We tend to keep our config prompts terse, and lowercase. So:
bool "app container image (aci)"
> + default y
This should _definitely_ not default to y.
> + select BR2_PACKAGE_HOST_JQ
See below about jq.
> + help
> + Build an App Container Image for use with a Linux
> + containerization engine like rkt, Kurma, 3ofCoins, nosecone,
> + etc.
> +
> +choice
> + prompt "Compression method"
> + default BR2_TARGET_ROOTFS_ACI_NONE
> + depends on BR2_TARGET_ROOTFS_ACI
Instead of adding a depends on, add an if around everything.
> + help
> + Select compressor for application container image
> +
> +config BR2_TARGET_ROOTFS_ACI_NONE
> + bool "no compression"
> + help
> + Do not compress the ACI.
> +
> +config BR2_TARGET_ROOTFS_ACI_GZIP
> + bool "gzip"
> + help
> + Do compress the ACI with gzip.
> +
> +config BR2_TARGET_ROOTFS_ACI_BZIP2
> + bool "bzip2"
> + help
> + Do compress the ACI with bzip2.
> +
> +config BR2_TARGET_ROOTFS_ACI_LZMA
> + bool "lzma"
> + help
> + Do compress the ACI with lzma.
> +
> +config BR2_TARGET_ROOTFS_ACI_LZO
> + bool "lzo"
> + help
> + Do compress the ACI with lzop.
> +
> +config BR2_TARGET_ROOTFS_ACI_XZ
> + bool "xz"
> + help
> + Do compress the ACI with xz.
> +
> +endchoice
> +
> +config BR2_TARGET_ROOTFS_ACI_OPTIONS_NAME
> + string "Name of the ACI image (e.g. example.com/my_app)"
string "image name"
Also I'd add a default, e.g.
default "buildroot"
We don't currently have (build) tests of the filesystems, but it's a lot
easier to add tests if a default configuration just works.

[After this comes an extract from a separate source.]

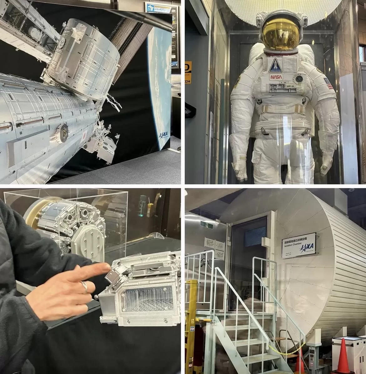 予約制ですが管制室がガラスごしに見学できます。国際宇宙ステーションISSの日本実験棟「きぼう」の機内環境などをリアルに監視している様子が目前に見られ、ここが宇宙とつながっている場所であることを実感できます(撮影は禁止されています)。様々なデータが日本の国防や防災、医療まで役立っているとのこと。そのための閉鎖的な生活環境と果てしない宇宙空間での船外活動を、見守り続ける管制室。大きなモニターが沢山あり映画のセットさながらです。中央にいる管制室リーダーの女性がガラス窓に張り付いている我々に手を振ってくださいました。

> + depends on BR2_TARGET_ROOTFS_ACI
> + help
> + A human-readable name for this App Container Image
The e.g. should go here, in the help text.
> +
> +comment "ACI images must have a name"
> + depends on BR2_TARGET_ROOTFS_ACI_OPTIONS_NAME = ""
This should also have the depends on ROOTFS_ACI - but by using an if around
everything, it will already be OK.
We also tend to check for these things in the .mk file, so that the build
doesn't even start if you forget to set this. Cfr. for example the $(error ...)
calls near the end of linux.mk.
> +
> +config BR2_TARGET_ROOTFS_ACI_OPTIONS_EXEC
> + string "Command to execute inside the container (e.g. /bin/sh)"
> + depends on BR2_TARGET_ROOTFS_ACI
> + help
> + Executable to launch and any flags
Perhaps this should default to /sbin/init if !BR2_INIT_NONE ? And otherwise
default to /bin/sh?
Is this one allowed to be empty?
> +
> +config BR2_TARGET_ROOTFS_ACI_OPTIONS_VERSION
> + string "Version number of the container (e.g. v1.3.2)"
Can we have a default here? Perhaps simply 0?
> + depends on BR2_TARGET_ROOTFS_ACI
> + help
> + When combined with "name", this SHOULD be unique for every
> + build of an app (on a given "os"/"arch" combination).
Is the version supposed to be user-meaningful? If not, perhaps we can take a
hash of .config and use that for the version when the user leaves it empty?
> +
> +comment "ACI images should be supplied with a version"
> + depends on BR2_TARGET_ROOTFS_ACI_OPTIONS_VERSION = ""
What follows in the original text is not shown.